Isolating pool pump usage from air conditioning usage also helps to optimize summer demand response programs, as the incremental effect of each air conditioning unit can be more accurately predicted and balanced. The utility can explain to customers that syncing household usage with a timed pool pump schedule can be a big cost saver. In winter, the utility can encourage the customer to run the pool pump during the day, when peak energy loads are lower. In the summer, the pool pump could be run in the evening, avoiding daytime air conditioning peak loads. Residents can also be informed of the inefficiency of old pool pumps, and the savings they could realize by replacing them.

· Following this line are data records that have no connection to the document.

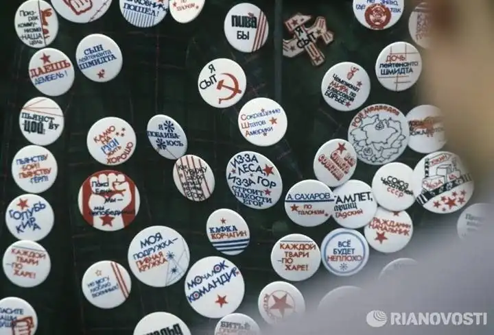 Продажа значков в Центральном парке культуры и отдыха имени М. Горького, 1990 год. РИА Фото, Юрий Простяков
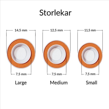 Vi erbjuder fyra storlekar (X-Small, Small, Medium, Large). De är nära Apples originalmått, men på grund av vårt memory foam-material kan de upplevas marginellt större vid första användning. Välj den storlek som känns tätast men bekvämast – eller ta vårt 3‑pack för att prova alla.
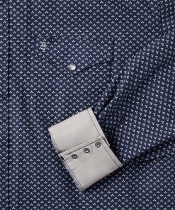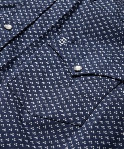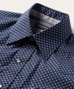 Woven from crisp cotton poplin, this snap front Western shirt features our allover Polaris Geo print in a rich blue color. It has a one-point, ultra-deep, curved back yoke, pearl logo snaps. contrasting khaki poplin inside trim, the Stetson “S” embossed on the front left pocket, and STETSON embossed on the right sleeve placket.
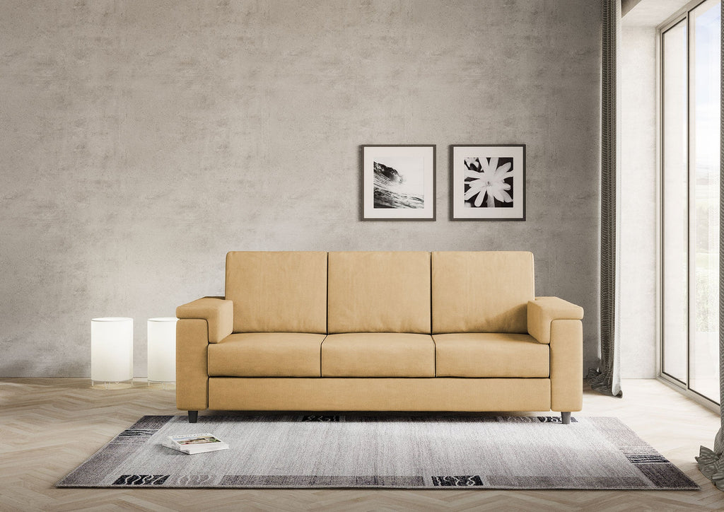 Divano 3 Posti 208x85x85 cm Marrak in Tessuto Ocra

EV Chargers: Now You See Me, Now You Don’t

EV chargers contribute another energy load that often hides within plain sight. After installation of a charger, the customer’s overall usage may increase. Because most electric vehicles are plugged in at night, the utility may incorrectly correlate the increase in load to temperature and time, grouping the usage with either heating or lighting loads. By detecting and separating the EV load, the utility is able to proactively offer a cost effective rate structure or recommendations on managing charging times. This increases customer satisfaction, as the customer feels that the utility is a partner in his or her energy conservation journey.

Conclusion

As technology advances, the ways we use data to understand consumer behavior and make energy saving adjustments will continue to evolve. As an increasing number of utilities turn to data-based disaggregation, they are finding greater accuracy in their usage load models. This identification drives even greater energy efficient behavior, as the utility gains a more clear understanding of which loads are shiftable and reducible. In the long term, a more predictable and stable model of usage will allow the industry to develop more equitable rate structures that charge consumers based on actual energy costs and that truly reward energy conservation practices.

 

The more utilities engage with customers, helping them to understand their energy billing and control their costs, the greater overall customer satisfaction. If customers feel that utilities truly understand their energy usage and that the information the utility provides is correct for their situation, they are much more likely to approve of the utility. This is reinforced by the recent JD Powers 2017 Energy Utility Products and Services Study that found customer satisfaction is dramatically improved by actively engaging with customers across a number of channels. Developing these lines of communications will enhance customer service, billing and corporate citizenship.